About this exercise:
Restate word for word the lines of the listing below, from its first line through the line with "本网讯 9月13日上午,20", without the pictures.

Source data:
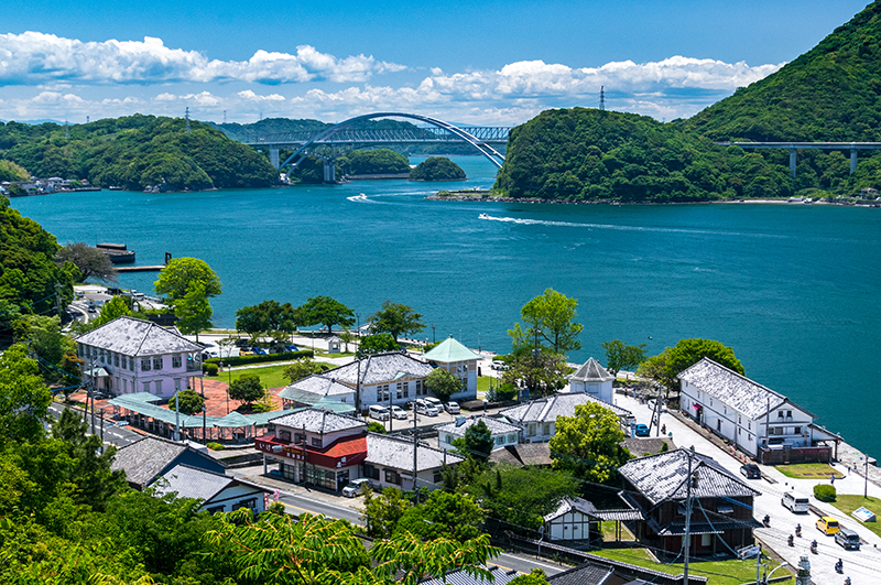 天草國立公園位於熊本縣的西南部,由下島、上島兩個主島和大大小小120座島嶼構成,它和長崎縣的島原半島同屬於雲仙天草國立公園。從熊本縣宇戶半島西端的三角連接到大矢野島、永浦島、大池島·池島、前島、上島的松島的5座橋--天草五橋,通稱為“珍珠路線”,成為遠眺天草錯綜複雜的裏亞式海岸及散落分佈的小島等美景的絕妙觀賞點。17世紀到19世紀的江戶時代,基督教遭到禁止,當時有很多信徒隱居到了天草。天草五橋這五座橋連接三角—大矢野島—永浦島—前島—松島,沿途風光明媚,由於此路線正好是國際知名的觀光路線,因此對天草的觀光業貢獻良多,每年總是吸引許多國外的遊客前去觀光,遊走其上彷彿經歷的一場橋的博覽會。在其海域上有數不清的珍珠養殖場,因此也有天草珍珠道之稱。
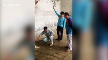 Giraffe gets pedicure at Chinese zoo
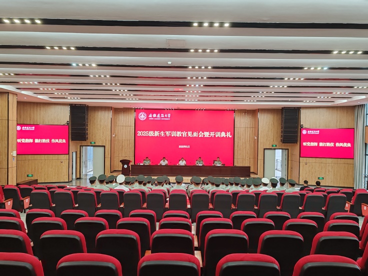 本网讯 9月13日上午,2025级新生军训教官见面会暨开训典礼在紫云路校区徽风楼2楼报告厅顺利召开。校党委常委、副校长高跃峰出席会议并发表讲话,校人武部负责人、中国人民解放军某院校官兵以及各学院分管学生工作的书记共同参加。
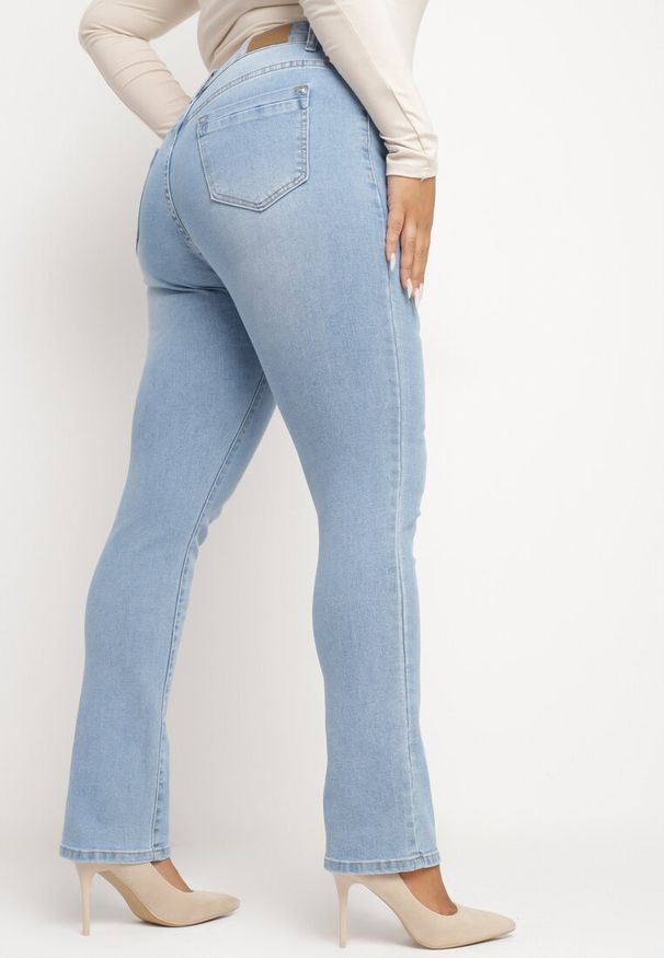 Born2be - Jasnoniebieskie Jeansy z Bawełną i Efektem Push Up o Dopasowanym Kroju Flortebia. Okazja: na co dzień. Kolor: niebieski. Styl: casual, elegancki

Answer area:
 天草國立公園位於熊本縣的西南部,由下島、上島兩個主島和大大小小120座島嶼構成,它和長崎縣的島原半島同屬於雲仙天草國立公園。從熊本縣宇戶半島西端的三角連接到大矢野島、永浦島、大池島·池島、前島、上島的松島的5座橋--天草五橋,通稱為“珍珠路線”,成為遠眺天草錯綜複雜的裏亞式海岸及散落分佈的小島等美景的絕妙觀賞點。17世紀到19世紀的江戶時代,基督教遭到禁止,當時有很多信徒隱居到了天草。天草五橋這五座橋連接三角—大矢野島—永浦島—前島—松島,沿途風光明媚,由於此路線正好是國際知名的觀光路線,因此對天草的觀光業貢獻良多,每年總是吸引許多國外的遊客前去觀光,遊走其上彷彿經歷的一場橋的博覽會。在其海域上有數不清的珍珠養殖場,因此也有天草珍珠道之稱。
 Giraffe gets pedicure at Chinese zoo
 本网讯 9月13日上午,2025级新生军训教官见面会暨开训典礼在紫云路校区徽风楼2楼报告厅顺利召开。校党委常委、副校长高跃峰出席会议并发表讲话,校人武部负责人、中国人民解放军某院校官兵以及各学院分管学生工作的书记共同参加。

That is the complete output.